Private Land Conservation Conference 2023

Private land conservation sector delivers Statement to Parliament calling for stronger action and resourcing for nature preservation

In a resounding call to action, leaders and representatives from the Australian 2023 Private Land Conservation Conference have delivered a Statement to Parliament, urging stronger policy measures, immediate and urgent action, and increased resourcing to combat the rate of nature loss in Australia.

The Statement calls for a number of actions from the Parliament of Australia, including to recognise and act on the nature crisis as outlined in the 2021 State of Environment Report; to recognise and prioritise the opportunity for private land conservation to halt and reverse the decline of Australian biodiversity; and to support urgent environmental law and policy reform that recognises and effectively addresses the seriousness and urgency of the nature crisis.

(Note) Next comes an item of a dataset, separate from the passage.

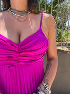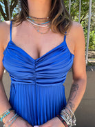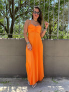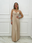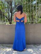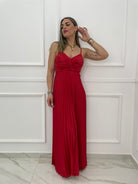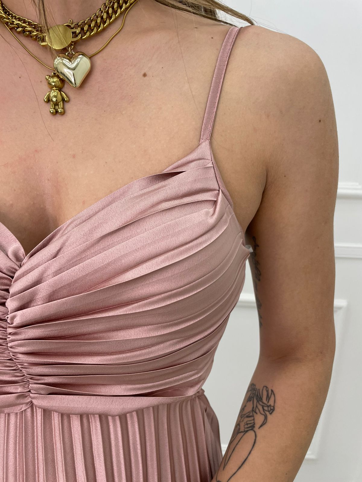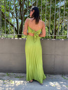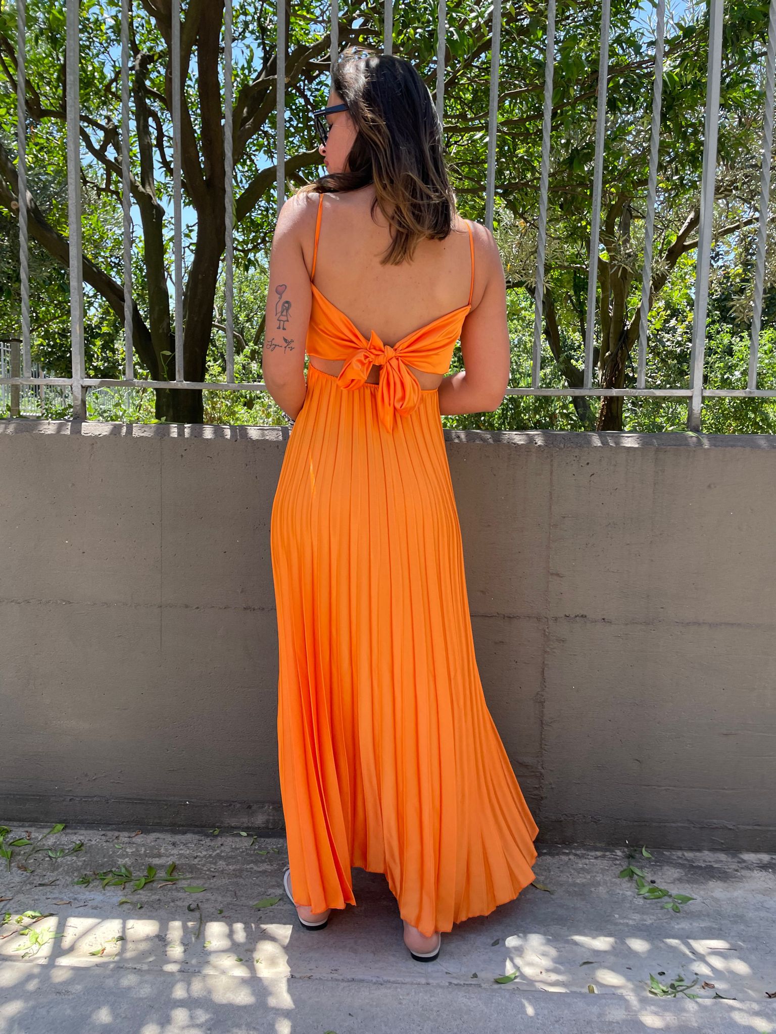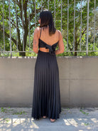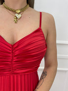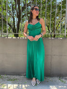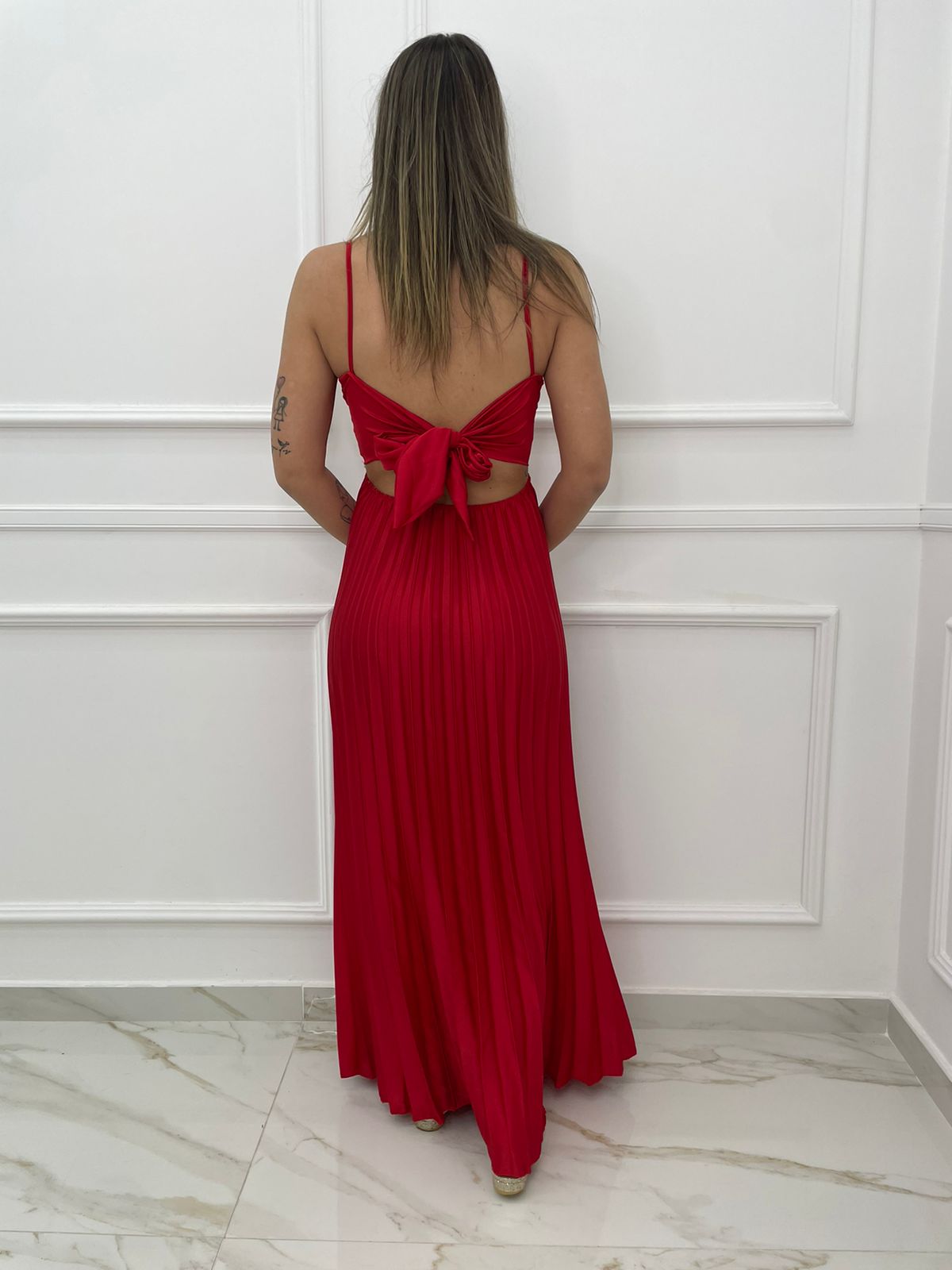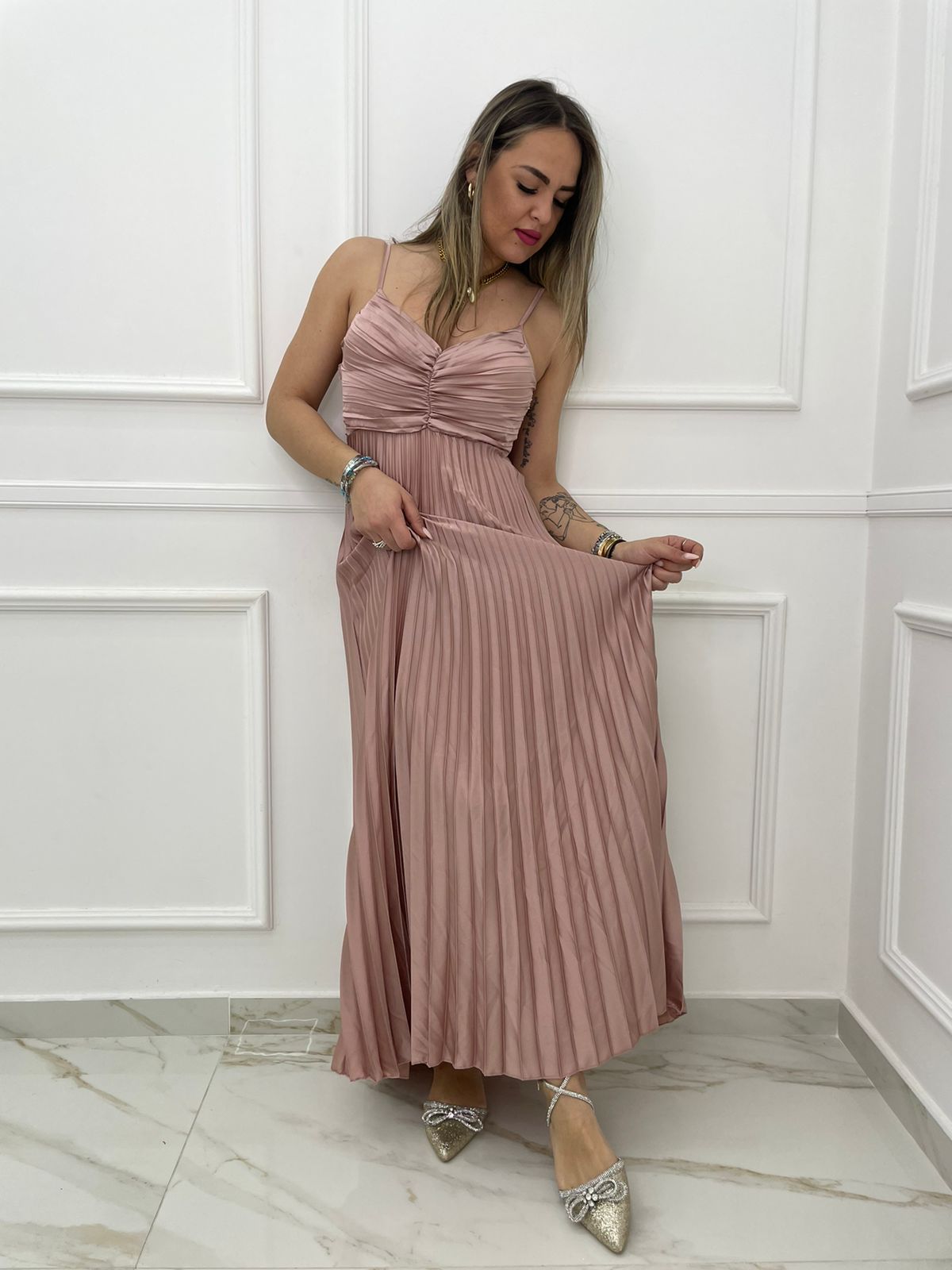 Vestito lungo in simil raso plissettato con fiocco dietro

The Statement was delivered to Minister Plibersek following the close of a 3-day national conference convened by national peak body Australian Land Conservation Alliance (ALCA), which received record attendance in Canberra this week.

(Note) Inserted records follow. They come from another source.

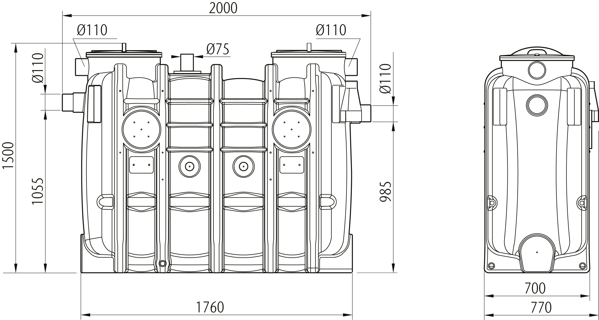 ACO LipuJet P-OD är avsedd för tömning via tömningsrör. Öppningarna, som även är avsedda för inspektion och rengöring, är försedda med lukttäta lock med snabblås.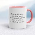 Unix Operating System Mug A geeky mug with "I use a UNIX based operating system, which means I get laid about as often as I reboot my computer" on both sides. Simple and straight to the point th...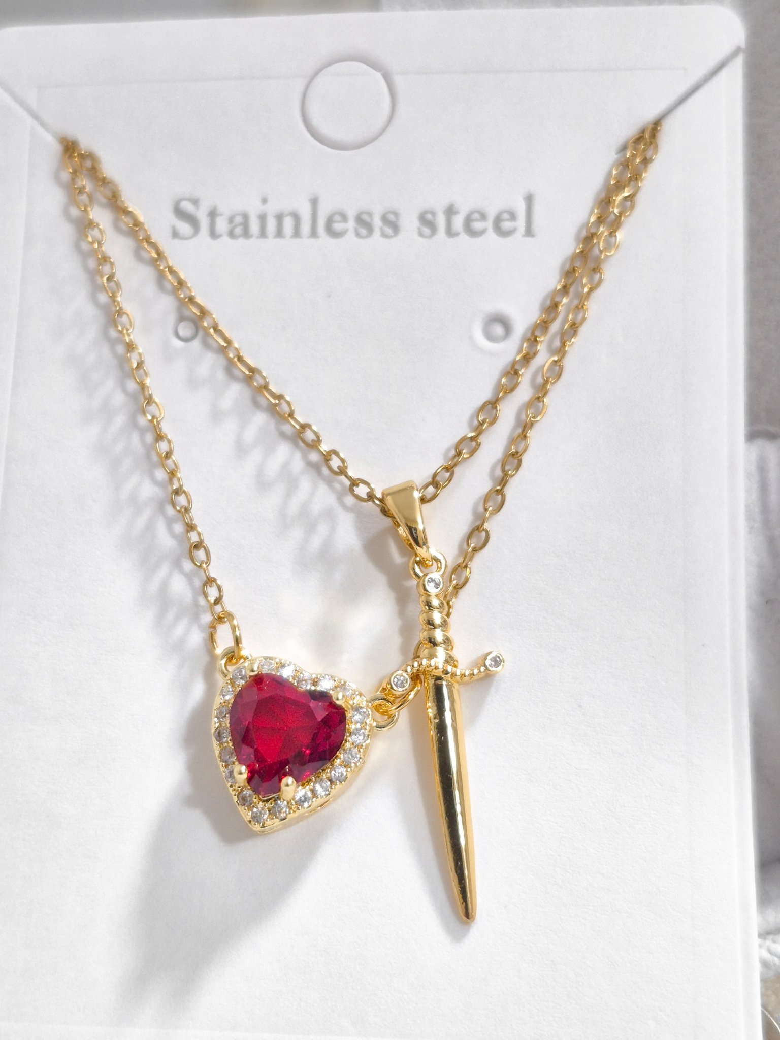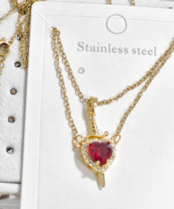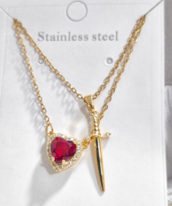 Lindos collares de pareja elaborado en acero quirúrgico 316l, dijes con enchape de oro 18k.

ALCA CEO Dr Jody Gunn said the conference had brought the private land conservation sector to the doorstep of Parliament so that the Australian Government may better understand and value the impact that private land conservation delivers.

“Globally and nationally, the demand and support for nature protection, management, and restoration is surging. In Australia, the message is clear: we care deeply about our environment and demand stronger policy, action, and resourcing,” said Dr Gunn.

“Over 400 participants attended the conference including strong representation from government, business and industry, reflective of the increasingly critical need for a whole of society approach to address our climate and biodiversity crises.”

“We’re here in Canberra because we are at a tipping point. There has never been a more urgent or serious need to protect, manage, and restore nature. The impacts of biodiversity loss and climate change is indiscrimminatory, and is affecting livelihoods from urban areas, to rural communities,” she said.

“We appreciate the Minister’s attendance at the conference and her commitment to the environment. We welcomed the opportunity to meet with her today to further discuss what the sector needs moving forward,” she said.

The Statement further calls on the Government of Australia to:

  • Deliver urgent and sustained whole-of-Government funding for Australian biodiversity that genuinely matches the urgency and seriousness of the nature crisis;
  • Proactively support and invest in the capacity and capability of the conservation and land management workforce and its current and future leaders to deliver for Australian biodiversity; and
  • Leverage the resources and strategies required to scale up and sustain action in private land conservation in Australia and deliver on international and domestic commitments.

Dr Gunn says that Australia has raised its ambition to address the nature crisis but requires action and resourcing that matches the urgency and seriousness of the nature crisis.

“There is a vast gap between the resources that the conservation and land management sector currently have to deliver, and what is required to address the interconnected crises of climate change and biodiversity loss, and to deliver on the global and Australian commitment to the Kunming-Montreal Global Biodiversity Framework,”

Peter Cochrane, Councillor and Vice President with the International Union for Conservation of Nature attended both the conference, and the delegation to Parliament.

“The private land conservation sector in Australia is renowned globally for innovation and cross-sector collaboration, as showcased at the recent conference. First Nations leadership was celebrated at the conference, and warrants broader recognition. To effectively combat nature loss, private land conservation requires increased investment from governments, philanthropy, and the private sector. To reverse our current trajectory toward ecosystem collapse and meet ambitious nature targets, we must leverage and expand on our current efforts.”

Private land conservation offers a pivotal opportunity to achieve Australia’s national protection and restoration targets. Whole-of-government support, strong policy mandates and a significant uplift in investment is needed to maximise the social, economic, and environmental outcomes that are already being delivered by the private land conservation sector.